A Study to Evaluate the Efficacy, Safety and Tolerability of Bermekimab in Patients With Hidradenitis Suppurativa
Status and phase
Completed
Phase 2
Conditions
Suppurative Hidradenitis
Acne Inversa
Hidradenitis Suppurativa
Treatments
Drug: bermekimab
Drug: placebo
Study type
Interventional
Funder types
Industry
Identifiers
Details and patient eligibility
About
This study further evaluates the efficacy of bermekimab in treating moderate to severe hidradenitis suppurativa in adults. 1/3 of patients will receive weekly injections of bermekimab, 1/3 will receive alternating every other week injections of bermekimab or placebo, and 1/3 will receive weekly injections of placebo.
Enrollment
153 patients
Sex
All
Ages
18+ years old
Volunteers
No Healthy Volunteers
Inclusion criteria
- Written informed consent provided by the participant
- Male or female, age greater than or equal to (>=) 18 years
- Naïve to OR failure of prior targeted biologic therapy for Hidradenitis Suppurativa (HS) (including anti-TNF, anti-IL-17, or JAK inhibitor therapy)

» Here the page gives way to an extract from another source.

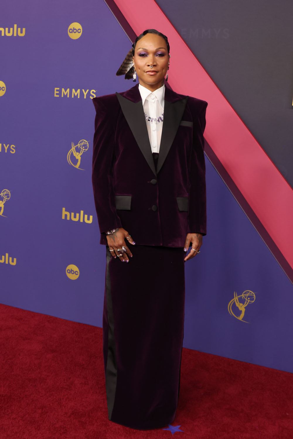 And then there is Kali Reis, boxer turned actor and also a first-time nominee for True Detective: Night Country. She wore a deep purple tuxedo skirt/suit, with the color signifying wampum used by the Northeast Woodland Tribes (Reis is from the Seaconke Wampanoag tribe).

- Diagnosis of HS for at least 1 year prior to screening.
- HS affecting at least two distinct anatomic areas, one of which is Hurley II or III stage.
- A total body count of abscesses and inflammatory nodules (AN) of at least 3.
- Full understanding of the procedures of the study protocol and willingness to comply with them.
- In case of female participants of childbearing potential, willingness to use one method of contraception of high efficacy during the entire study period. This method can be hormonal contraceptives or one of the following: condoms, diaphragm, or an intrauterine device. Women of non-childbearing potential include those considered to have a medical history that indicates that pregnancy is not a reasonable risk, including post-menopausal women and those with a history of hysterectomy or surgically sterilized.
Exclusion criteria
- Age below 18 years.
- History of treatment with bermekimab for any reason.
- Receipt of oral antibiotic treatment for HS within 28 days prior to baseline.
- Receipt of prescription topical therapies for the treatment of HS within 14 days prior to baseline, and/or systemic non-biologic therapies for HS (immunosuppressants, corticosteroids, retinoids, or hormonal therapies) within 28 days prior to screening.
- Participant has been treated with any investigational drug of chemical or biologic nature within a minimum of 30 days or 5 half-lives (whichever is longer) of the drug prior to baseline.
- History of severe allergic or anaphylactic reactions to human, humanized, chimeric, or murine monoclonal antibodies.
- Has received a live (attenuated) vaccine over the 28 days prior to screening.
- Participant received oral concomitant analgesics (including opioids) for HS-related pain within 14 days prior to baseline.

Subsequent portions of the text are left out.